Top of Available records

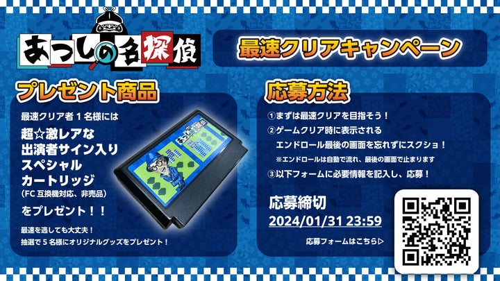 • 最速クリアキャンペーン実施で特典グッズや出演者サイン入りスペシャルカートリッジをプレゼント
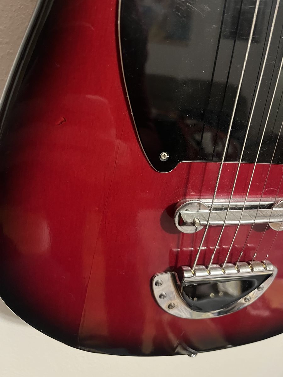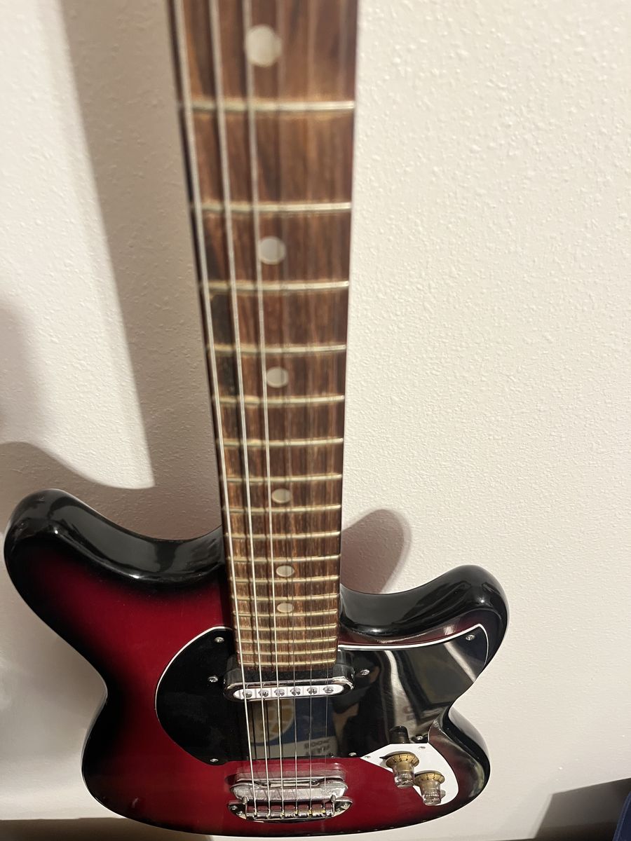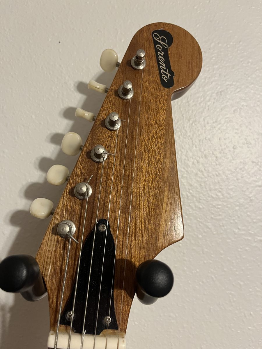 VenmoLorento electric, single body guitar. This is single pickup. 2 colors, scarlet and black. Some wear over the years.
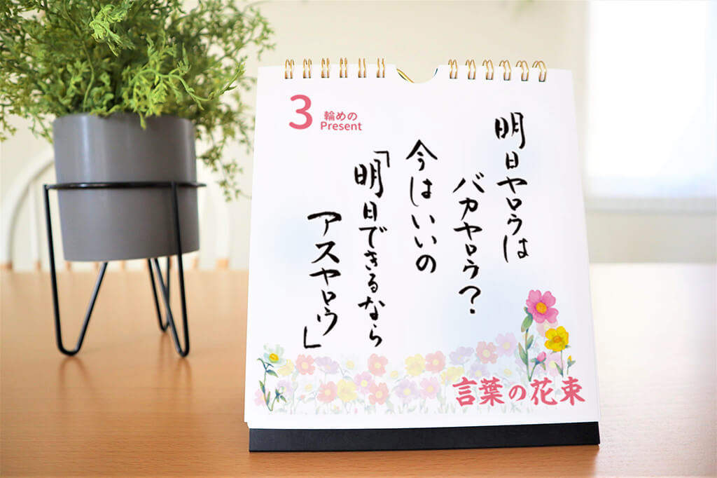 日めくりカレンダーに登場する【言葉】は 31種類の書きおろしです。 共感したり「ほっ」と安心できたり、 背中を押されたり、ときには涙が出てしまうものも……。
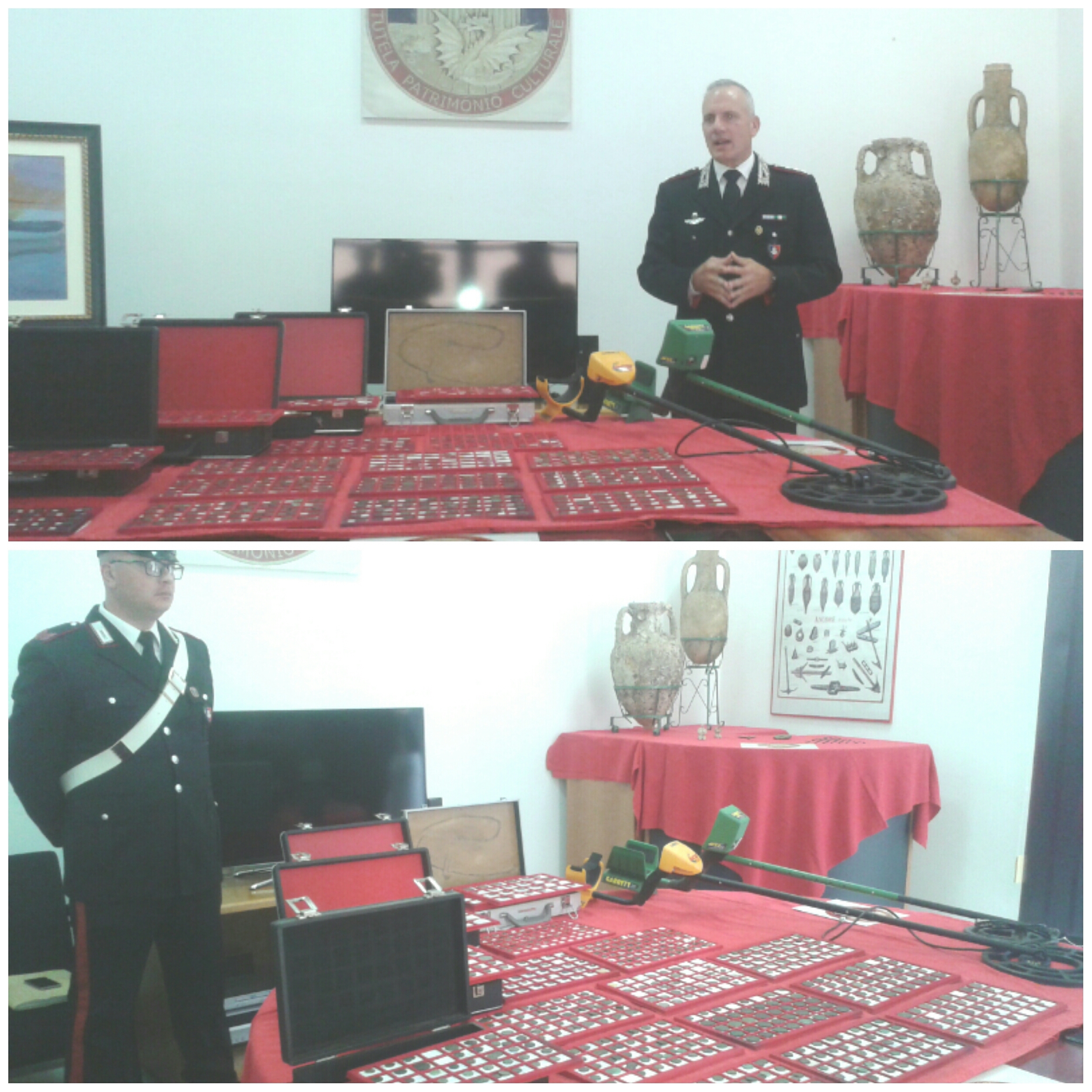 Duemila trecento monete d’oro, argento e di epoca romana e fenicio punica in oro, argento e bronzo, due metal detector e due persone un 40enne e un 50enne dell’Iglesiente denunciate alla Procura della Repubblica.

Bottom of Available records
Top of Available records

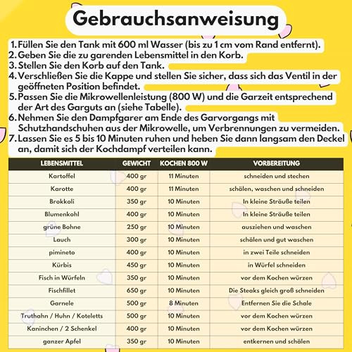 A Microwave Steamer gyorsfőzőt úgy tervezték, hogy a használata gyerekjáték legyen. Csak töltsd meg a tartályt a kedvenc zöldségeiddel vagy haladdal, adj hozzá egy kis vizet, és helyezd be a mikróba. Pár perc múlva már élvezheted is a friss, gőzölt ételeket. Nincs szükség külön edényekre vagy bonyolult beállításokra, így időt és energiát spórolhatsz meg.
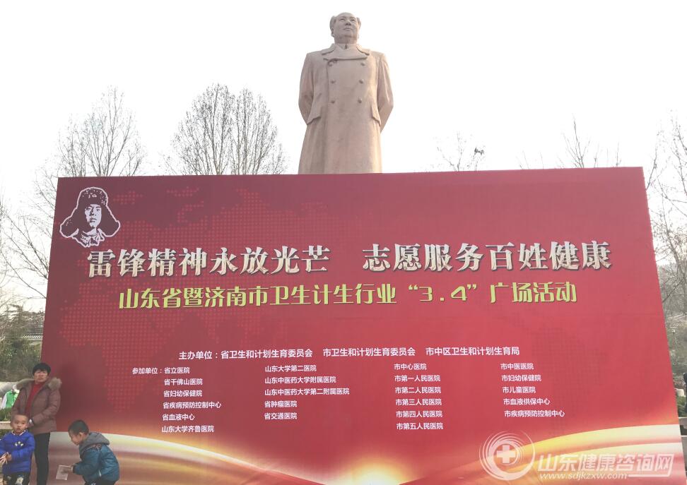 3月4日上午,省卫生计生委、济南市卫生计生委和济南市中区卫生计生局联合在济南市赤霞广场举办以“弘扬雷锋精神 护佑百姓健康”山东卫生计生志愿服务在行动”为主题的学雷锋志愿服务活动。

Bottom of Available records

Your assignment: Going back to the data above, write out everything from the line with "VenmoLorento electric, single" down to the line with "Duemila trecento monete", both included, leaving every picture out.

Result of the task:
 VenmoLorento electric, single body guitar. This is single pickup. 2 colors, scarlet and black. Some wear over the years.
 日めくりカレンダーに登場する【言葉】は 31種類の書きおろしです。 共感したり「ほっ」と安心できたり、 背中を押されたり、ときには涙が出てしまうものも……。
 Duemila trecento monete d’oro, argento e di epoca romana e fenicio punica in oro, argento e bronzo, due metal detector e due persone un 40enne e un 50enne dell’Iglesiente denunciate alla Procura della Repubblica.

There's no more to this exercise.